» **WORK REQUIRED**
Task for the records below: repeat the line containing "Game 10 - 10/28/2016" and every line after it, exactly and with nothing else, but leave out the pictures.

[TASK INPUTS Boundary: Start]

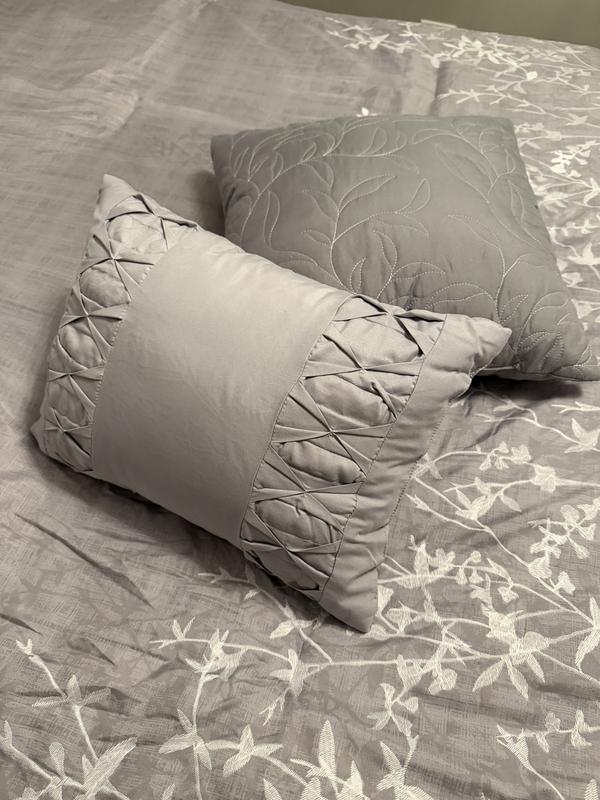 When I opened this comforter set, I was surprised how soft and light they are. The matching decorative pillows are very soft too, and the material doesn't wrinkle easily so it always looks new. The gray color is perfect for my guest room. I am very happy with this.
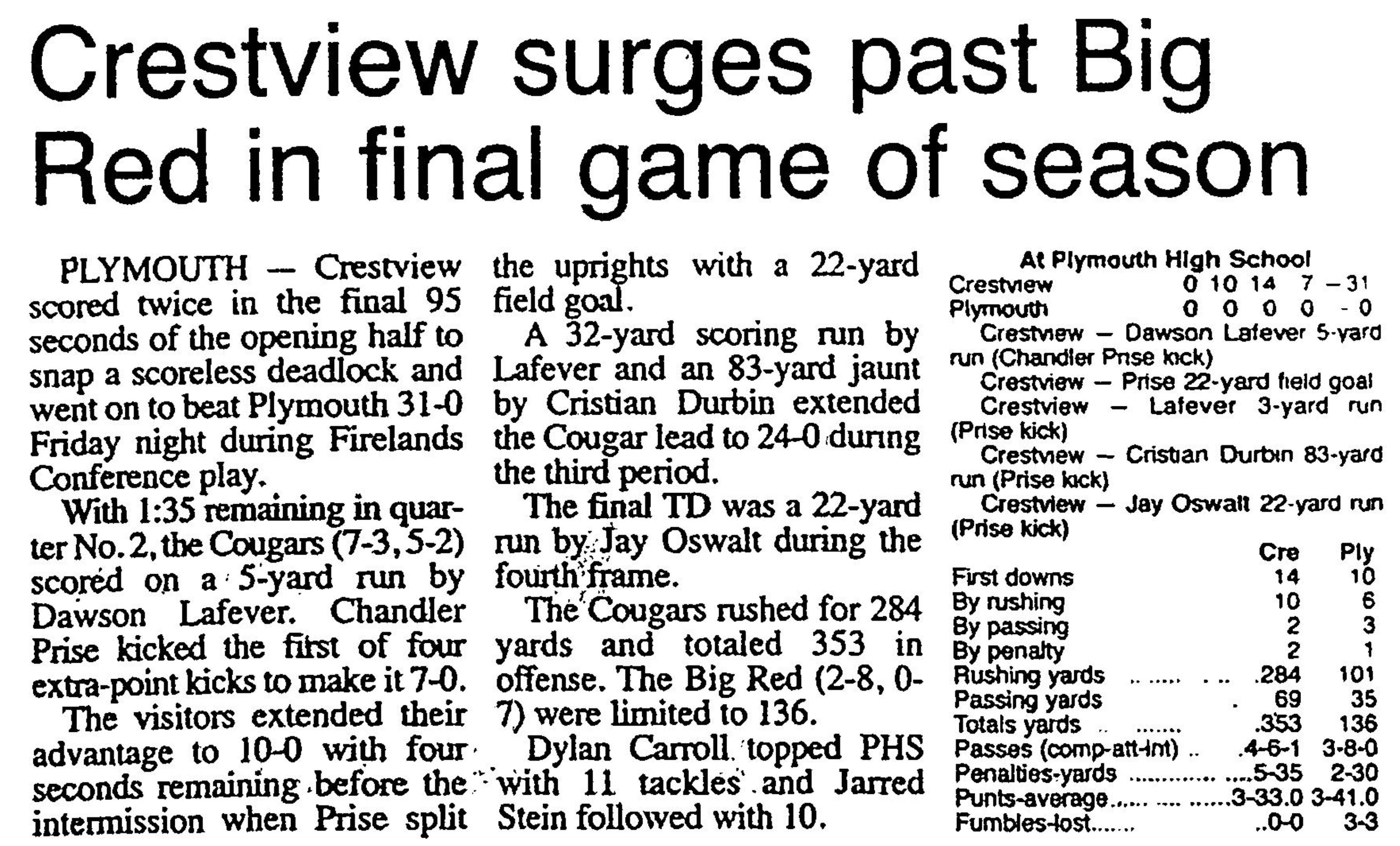 Game 10 - 10/28/2016 - Crestview vs. Plymouth
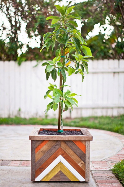 Несколько оттенков краски и кисточка в умелых руках могут превратить деревянную цветочную кадку в настоящее произведение искусства. Чем ярче и контрастнее краски, тем неожиданнее получается результат.
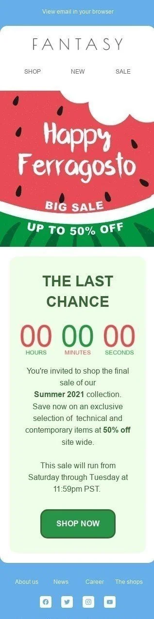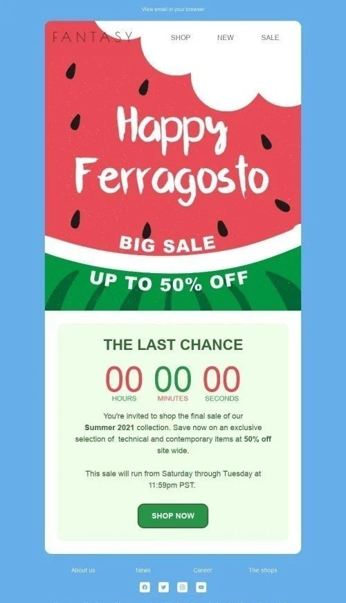 Шаблон листа до свята Феррагосто «Ви запрошені до магазину» для індустрії «Мода»
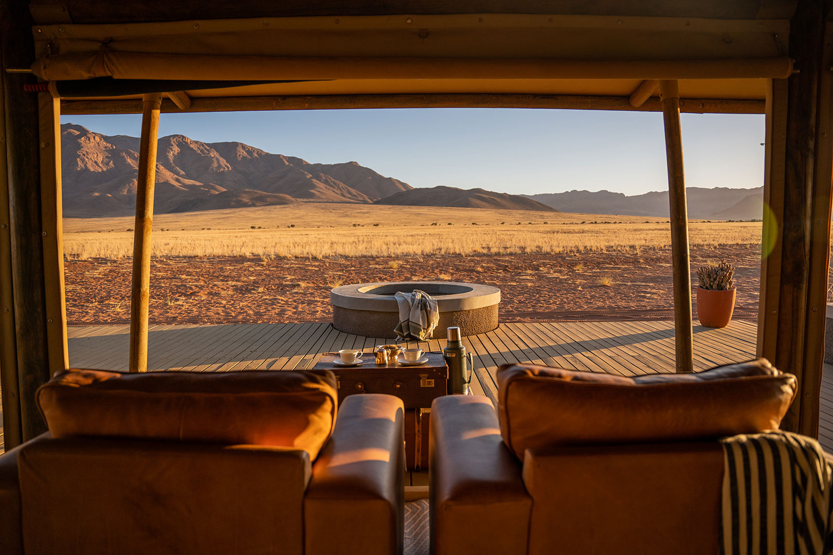 Das Camp liegt inmitten des privaten NamibRand Nature Reserve im Südwesten Namibias. Es befindet sich auf einer weiten Ebene und bietet einen unverbaubaren Blick auf die charakteristischen roten Sanddünen und die majestätischen Berge der Namib. Die Umgebung ist geprägt von einer beeindruckenden Ruhe und einer Tierwelt, die sich perfekt an die extremen Bedingungen der Wüste angepasst hat.
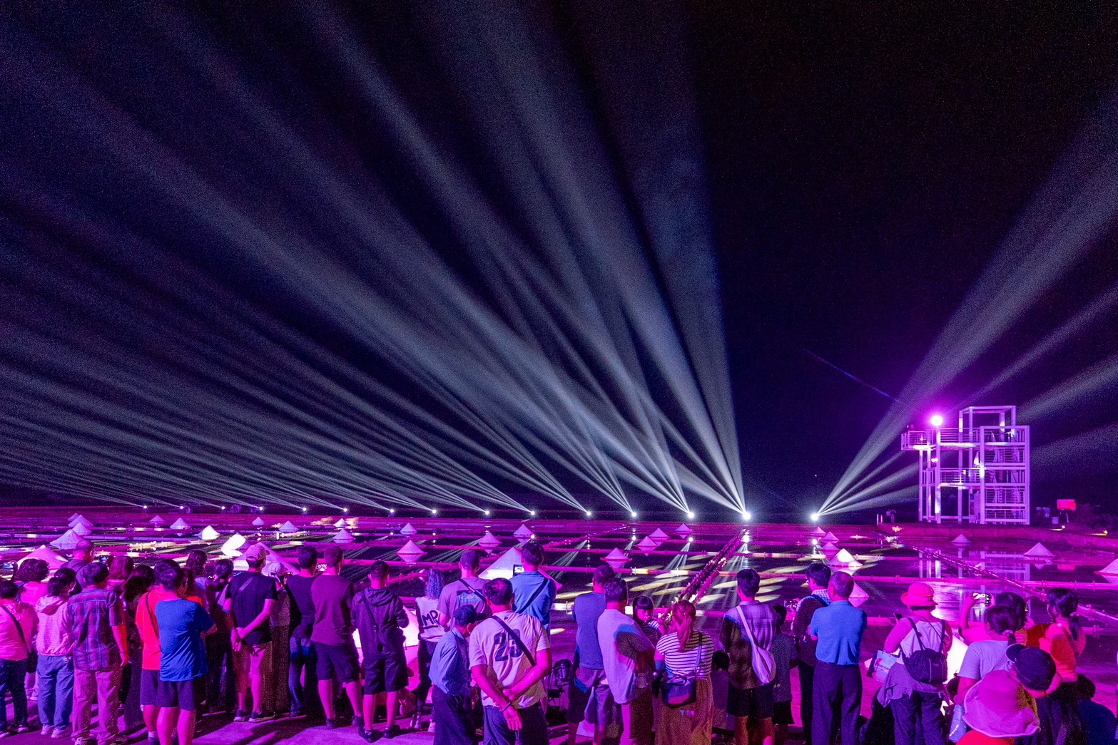 今年的「一見雙雕藝術季」以「鹽路去旅行」為主軸,串聯七股鹽山的鹽雕藝術與北門井仔腳的光雕地景

[TASK INPUTS Boundary: End]

» **RESPONSE TO THE TASK**
 Game 10 - 10/28/2016 - Crestview vs. Plymouth
 Несколько оттенков краски и кисточка в умелых руках могут превратить деревянную цветочную кадку в настоящее произведение искусства. Чем ярче и контрастнее краски, тем неожиданнее получается результат.
 Шаблон листа до свята Феррагосто «Ви запрошені до магазину» для індустрії «Мода»
 Das Camp liegt inmitten des privaten NamibRand Nature Reserve im Südwesten Namibias. Es befindet sich auf einer weiten Ebene und bietet einen unverbaubaren Blick auf die charakteristischen roten Sanddünen und die majestätischen Berge der Namib. Die Umgebung ist geprägt von einer beeindruckenden Ruhe und einer Tierwelt, die sich perfekt an die extremen Bedingungen der Wüste angepasst hat.
 今年的「一見雙雕藝術季」以「鹽路去旅行」為主軸,串聯七股鹽山的鹽雕藝術與北門井仔腳的光雕地景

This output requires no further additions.